LA PAZ.- La tensión en Bolivia escala a un nuevo nivel en un conflicto que ya entra en su tercera semana. La policía nacional ha intervenido de manera contundente, utilizando gases lacrimógenos para despejar los bloqueos en carreteras clave del país. Los manifestantes se mantienen firmes en su demanda: la renuncia del ministro Rodrigo Paz.
Intervención con Gases Lacrimógenos
En un esfuerzo por restablecer la circulación y el abastecimiento a las principales ciudades, las fuerzas de seguridad bolivianas lanzaron un operativo de gran escala. El uso de agentes químicos, como gases lacrimógenos, fue la táctica principal para dispersar a los manifestantes. Estos operativos buscan desmantelar los puntos de bloqueo que han paralizado importantes vías de comunicación y generado un grave impacto económico.
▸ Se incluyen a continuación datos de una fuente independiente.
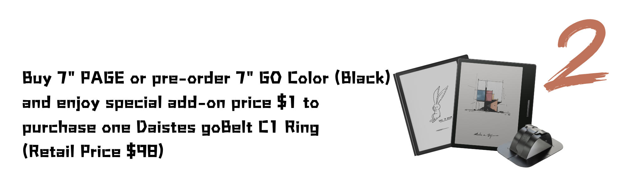 Place an order for 7” Page or pre-order the brand-new 7” Go Color 7 (black) through the Hong Kong official website, to be eligable to purchase the German-made Daistes goBelt C1 ultra-thin ring at a special price of $1 (Retail Price $98) .

Piden la Renuncia de Rodrigo Paz
El epicentro de este prolongado conflicto social es una demanda política clara e innegociable para los movilizados. Los diversos grupos que mantienen los bloqueos han condicionado el fin de sus protestas a la salida inmediata de Rodrigo Paz de su cargo. Esta exigencia ha sido el motor de las movilizaciones que ya cumplen su tercera semana consecutiva, sin que hasta ahora se vislumbre una solución dialogada entre las partes.
Alerta por Suministro de Oxígeno
La consecuencia más grave de los bloqueos se vive en el sector salud. La situación ha alcanzado un punto crítico, afectando directamente el suministro de insumos médicos esenciales. Ante el riesgo de desabastecimiento, las autoridades han tenido que habilitar de urgencia corredores humanitarios. El objetivo primordial es garantizar que el oxígeno medicinal y otros insumos vitales puedan llegar a los hospitales de La Paz, que enfrentan una situación delicada por la falta de recursos.
Mientras la policía continúa con los operativos para intentar liberar por completo las rutas, la tensión social no disminuye y se temen nuevos enfrentamientos. La prioridad de las autoridades sanitarias es mantener abiertos estos corredores humanitarios para evitar una tragedia mayor en los centros de salud, todo en medio de un conflicto político que parece lejos de resolverse y que mantiene en vilo a toda la nación.